8. Vyry meets Randall Ware as she is supposed to give him food. He immediately takes interest in Vyry; whereas Vyry only develops love for him after he promises her freedom
9. Lucy badtalks Miss Salina during a party, gets beaten, runs away, is caught, and gets branded
10. Fourth of July celebration- priests rant about slaves listening to their masters
11. Lucy runs away a second time and manages to escape from the Dutton Plantation
12. Vyry asks John Dutton if she can marry Randall Ware. Knowing how precious of a cook Vyry is, John Dutton decides that the two may get married only after his death (however it doesn't happen)
13. John Dutton dies
14. John Dutton Jr. dies
15. Kevin dies
16. Salina dies
17. Vyry and kids are free after a man comes to emancipate the slaves
18. Vyry meets Innis Brown as he tries to protect her and Miss Lillian from a robber
19. Vyry and Innis move to Alabama as they get married
20. Vyry and Innis get flooded out of their house by the Chattahoochee River and lose most of their belongings
21. Vyry and Innis sign the contract for another house, stating that they must pay off the house with crops made on the land, however the land has bad soil. Vyry and Innis cannot pay off the house or make a living
22. Vyry and Innis leave to Troy, Pike County
23. Vyry and Innis' house is burned down by KKK
24. Vyry and Innis travel to Luvenere
25. Vyry and Innis get land in Butler County near Greenville
26. Vyry visits Ms. Lucy and Ms. Lillian in Georgia
27. Vyry and Innis move into their permanent house
28. Vyry earns a living by selling goods in a nearby town
29. Vyry helps a woman give birth as Vyry hears the woman's screams while selling her goods in the town. The woman does not take Vyry as a black woman, for Vyry's skin is fair. Vyry helps to settle racial confusion or stereotypes the woman and her husband have. The woman and her husband take note that Vyry is kind and gentle and feel comfortable around Vyry.

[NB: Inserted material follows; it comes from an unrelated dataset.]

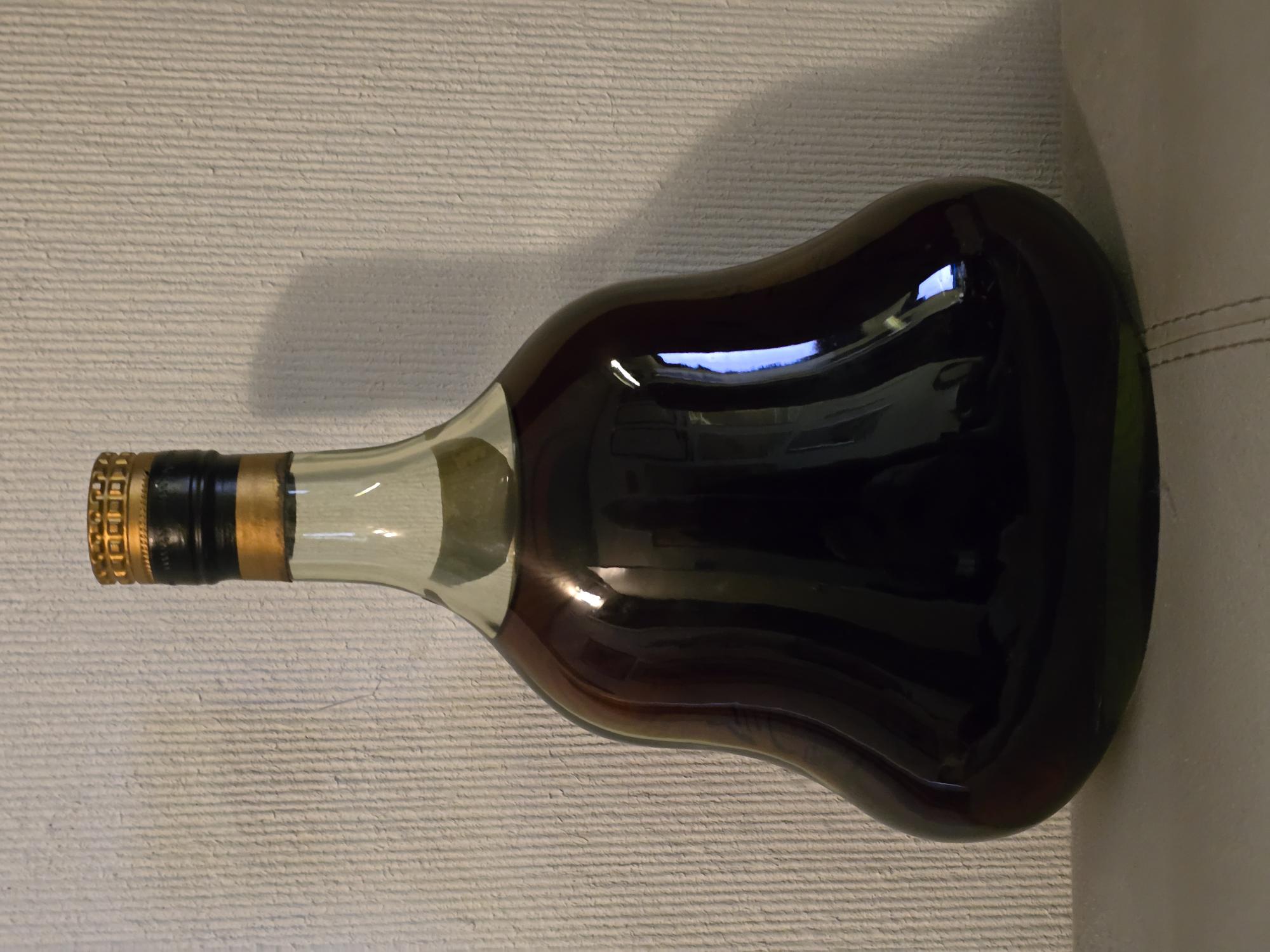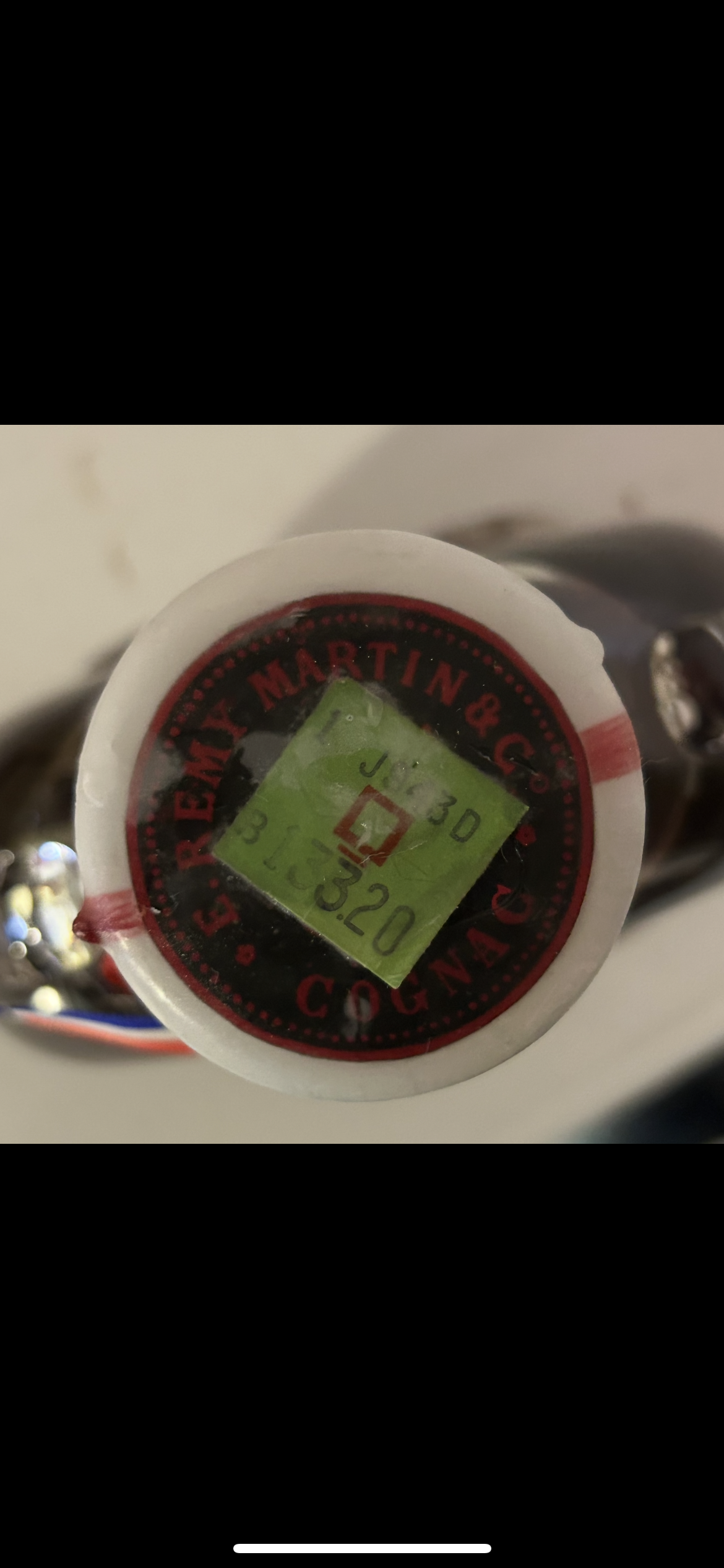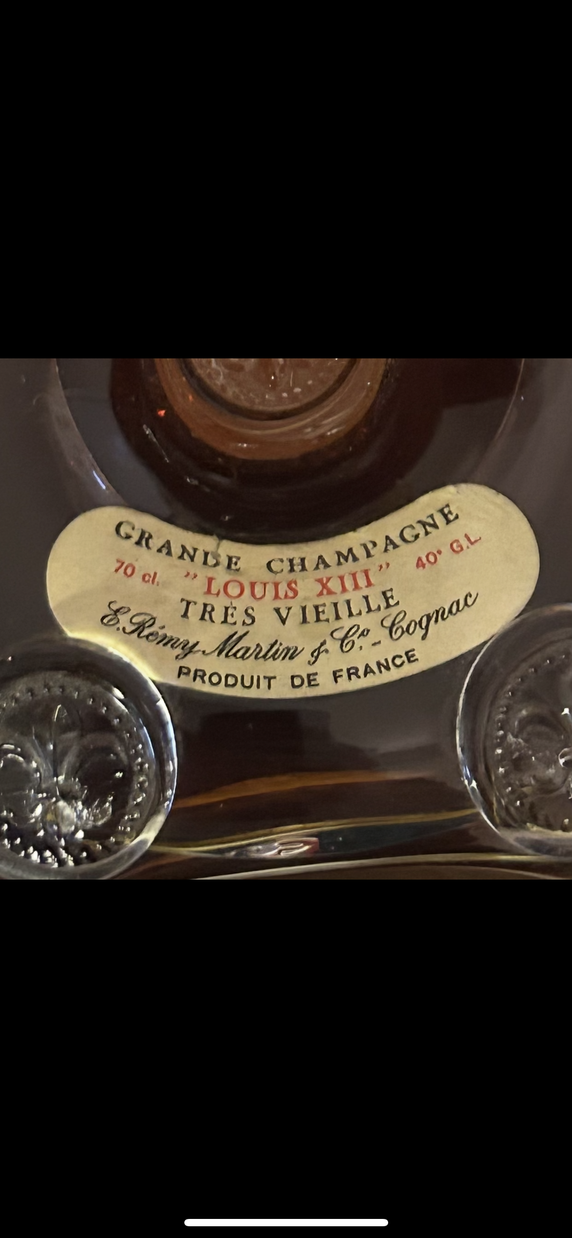 - 1) Text on label: Mid-label (on the bottle): GRANDE CHAMPAGNE 70 cl. ”LOUIS XIII” 40º G.L. TRES VIEILLE E. Remy Martin & Cº - Cognac PRODUIT DE FRANCE On neck capsule: Remy Martin Cognac On top of cork/capsule: REMY MARTIN & Cº COGNAC (Green sticker with numbers): 1 J23D 313.320 On the box: REMY MARTIN COGNAC 2) Visual elements: Bottle: A clear, ornate crystal decanter with a distinctive fluted or "spiked" exterior. Several of the glass "spikes" on the mid-body feature an embossed fleur-de-lis motif. A central circular depression on the mid-label area shows an embossed pattern, possibly a sunburst. Neck/Capsule: The neck is sealed with a white, ceramic-like capsule adorned with red line details. A ribbon in the colors of the French flag (red, white, blue) is tied around the base of the capsule. "Remy Martin Cognac" is handwritten in a cursive/script font on the capsule. Upper label (top of cork): A circular label/seal encircles the cork, bearing "REMY MARTIN & Cº COGNAC" in a bold sans-serif or block-serif font. A rectangular green sticker with numbers and a small logo is centrally placed on this seal. Mid label: An off-white, elongated oval-shaped label with pointed ends. The text "GRANDE CHAMPAGNE," "70 cl. 40º G.L.," "TRES VIEILLE," and "PRODUIT DE FRANCE" are in various serif fonts. " ”LOUIS XIII” " is prominently displayed in a bold serif font, and "E. Remy Martin & Cº - Cognac" is written in an elegant cursive/script font. Small glass bottle: A miniature version of the main decanter, made of clear glass with similar ornate embossed designs (fleur-de-lis) on its base. Box: A gold-colored, textured box featuring the Remy Martin centaur logo (a centaur holding a spear) printed in the center, with "REMY MARTIN" above and "COGNAC" below, all in a sans-serif font. 3) Fill level estimate: well above shoulder into neck: great

30. Woman and family help Vyry build her house
31. Innis Brown beats Jim
32. Randall Ware visits and takes Jim to school in the city
33. Vyry expects a baby with Innis Brown

==Court case==
In 1978, Margaret Walker sued Alex Haley, claiming that his 1976 novel Roots: The Saga of an American Family had violated Jubilee's copyright by borrowing from her novel. The case was dismissed.

==Adaptation==
Jubilee was adapted into a three-act opera by Ulysses Kay, to a libretto by Donald Dorr; it was commissioned by Opera/South and premiered in 1976.